[Stored dataset items]
____
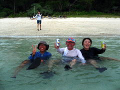 慶良間まできれいに見える空の下、 夏休みの子供のように、めいっぱい遊びました。 たくさん日焼けしただろうなぁ。 Kさん、また遊びにいらしてくださいね!! Wさん、まだまだあと6日間、よろしくお願いします! |
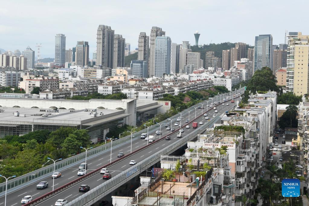 Photo taken on Oct. 8, 2021 shows vehicles running on the road in Xiamen City, southeast China's Fujian Province. The city of Xiamen in southeast China's Fujian Province, which witnessed the country's latest resurgence of COVID-19 cluster infections, cleared all medium- and high-risk areas for COVID-19 on Thursday night. The city downgraded three medium-risk areas and one high-risk area for COVID-19 to low-risk areas starting 9 p.m. Thursday, according to the municipal epidemic prevention and control headquarters. (Xinhua/Jiang Kehong)
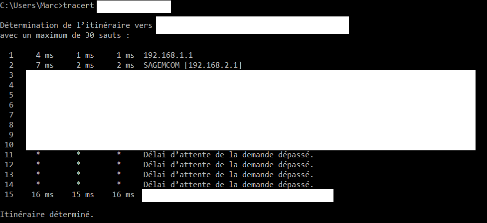 I connect my computer to the VPN tunnel and I make a traceroute on 8.8.8.8:
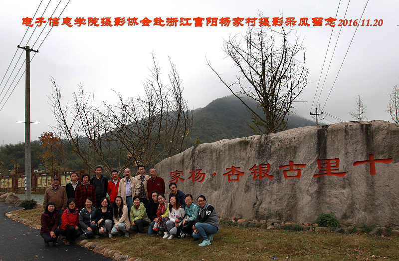 2016年11月19日至20日,在学院工会的大力支持下,学院摄影协会一行20人赴浙江临安指南村、富阳杨家村举行"银杏秋韵"摄影采风活动。指南村是一座有着数千年历史的古村。到处有千百年树龄的古木林。每年深秋,黄色银杏和红色的枫林五彩缤纷,被誉为“摄影爱好者的天堂”。杨家村拥有数百棵百年以上的古银杏,以“满村尽带黄金甲”之盛况吸引众多摄影爱好者前去采风。两天的摄影创作活动让大家流连忘返,新老会员们冒着霏霏细雨边拍摄、边在一起交流摄影技术和体会,深感不虚此行。本次摄影采风活动使大家开阔了眼界、提高了摄影技术、陶冶了艺术情操。(电子信息学院摄影协会)
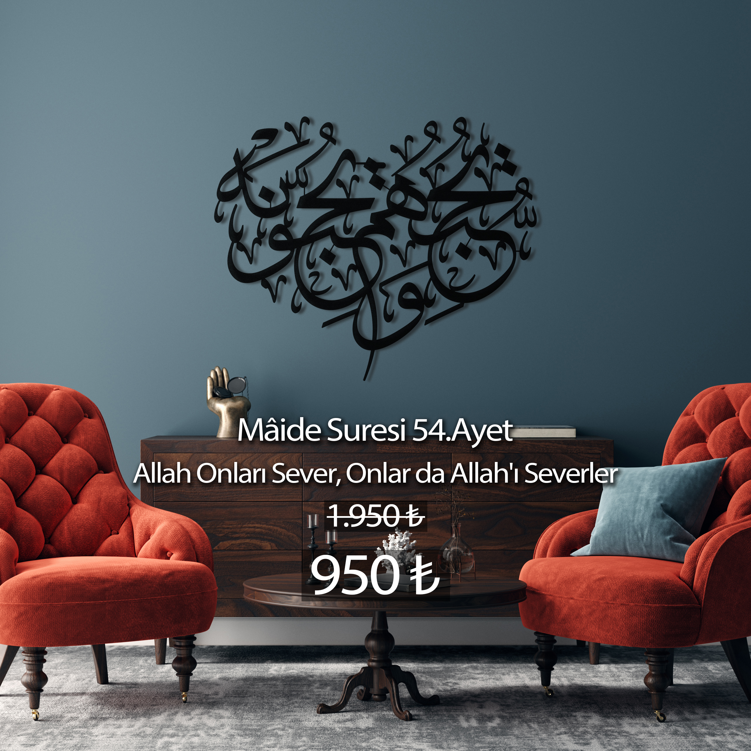 Allah Onları Sever, Onlar da Allah'ı Severler, Mâide Suresi 54.Ayet Yazılı Metal Duvar Dekoru - SM101
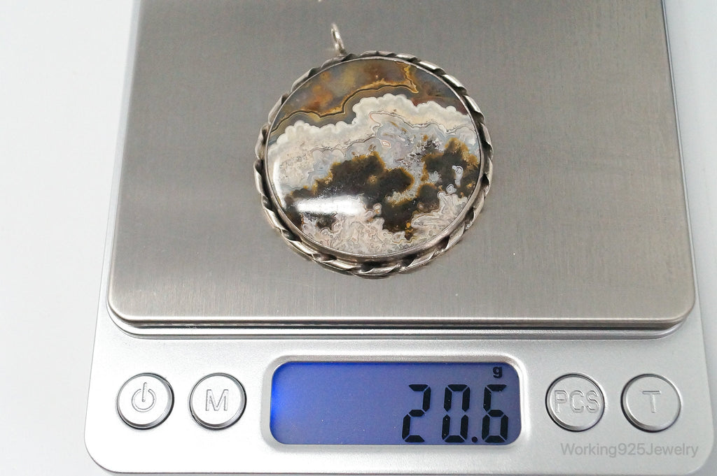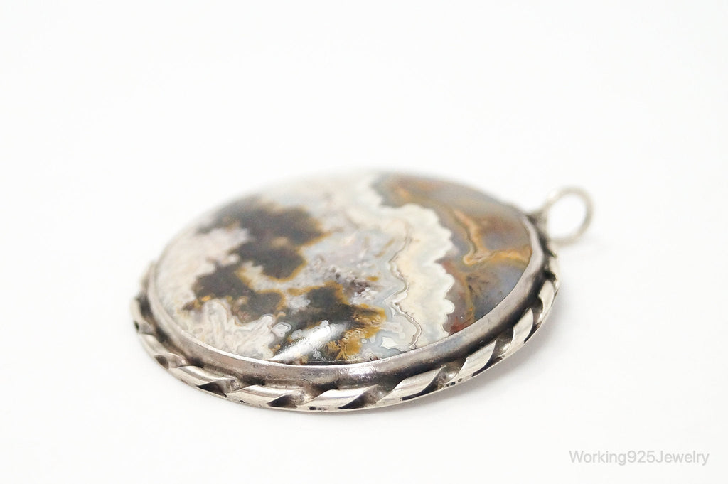 Vintage Large Crazy Lace Agate Sterling Silver Necklace Pendant
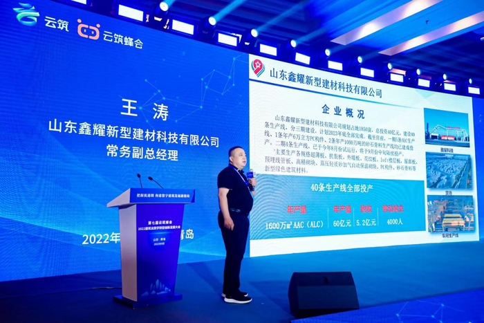 来自山东的本土企业代表山东鑫耀新型建材科技有限公司常务副总经理王涛就装配式ALC产品的优势与应用进行了精彩的产品与技术分享,标准化的工艺和生产线充分保障着企业产能,致力于打造“专、精、特、新”装配式建材龙头企业,助推装配式产品高质量发展。
____
Write out the lines above from the one with "Photo taken on" through the one with "I connect my", ends included, exactly; no picture goes in.

 Photo taken on Oct. 8, 2021 shows vehicles running on the road in Xiamen City, southeast China's Fujian Province. The city of Xiamen in southeast China's Fujian Province, which witnessed the country's latest resurgence of COVID-19 cluster infections, cleared all medium- and high-risk areas for COVID-19 on Thursday night. The city downgraded three medium-risk areas and one high-risk area for COVID-19 to low-risk areas starting 9 p.m. Thursday, according to the municipal epidemic prevention and control headquarters. (Xinhua/Jiang Kehong)
 I connect my computer to the VPN tunnel and I make a traceroute on 8.8.8.8:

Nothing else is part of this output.